永遠の絆

「ごめん…ありがと」


手に持っていたジャケットをもう一度羽織ると、一気に温もりを感じた。

翔の跡を歩いて止まった場所は、いつもと変わらない石段の階段。そこに翔が腰を下ろすと、あたしも同じく石段に腰を下ろした。


少し寒い風に波が押し寄せる。


ここに来ると落ち着くって言ってた翔の気持ちが凄く分かる。海を見てれば、きっと…何時間も居れそうって、そう思った。
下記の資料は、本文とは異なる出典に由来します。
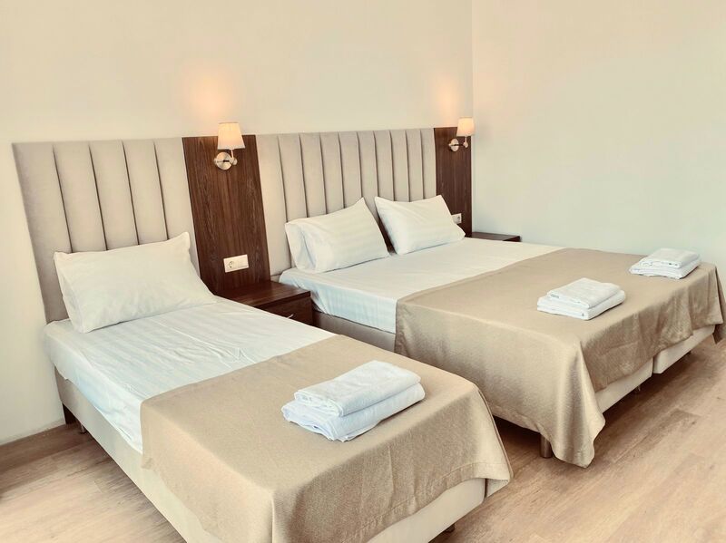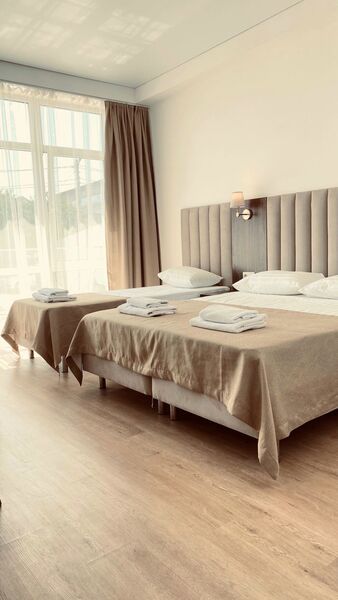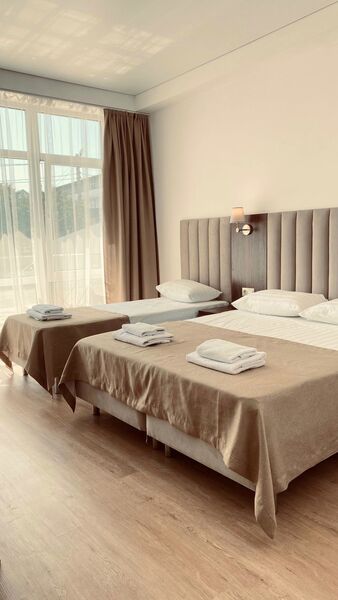 Площадь номера - 22 кв.м.; В номере: Двуспальная кровать, Односпальная кровать ; Макс. кол-во гостей - 3
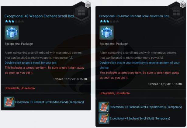 • Weekend Giveaway: Exceptional +8 Weapon Enchant Scroll Box and Exceptional +8 Armor Enchant Scroll Selection Box

「やっぱここに来っと落ち着くよな。…安心するっつーか」

「うん…」

「俺さ、なんつーか…深入りとかあんましたくねぇんだけどさ、でもみぃちゃんと居て思う事とか考える事とか結構あってさ…」


あたしの思う事、考える事…って何?

真剣そうな表情でそう言った翔は両手をポケットに突っ込んだまま遠くの海をずっと見つめてた。


「…あたしの事とかって何?」


翔を見たまま問い掛けると翔は軽く一息吐いて俯く。


「うん…まぁ手っ取り早く言うと…」


そう言いながらポケットから出して「はい」って渡された“それ”にあたしの視線が止まる。

そこから動く事が出来なかった。

今、起こっている出来事に着いて行く事さえも出来ず、あたしはただただそこに視線を落としてた。


「はい」


もう一度そう言ってあたしの膝に置かれたのは、ちょっと前に諒ちゃんが持ってた物。

いらないって返したママの通帳。


「…意味分かんない。何で翔が持ってんの?」


膝に置かれた通帳から翔に目線を送ると、翔はあたしを見た後、視線を前に向けた。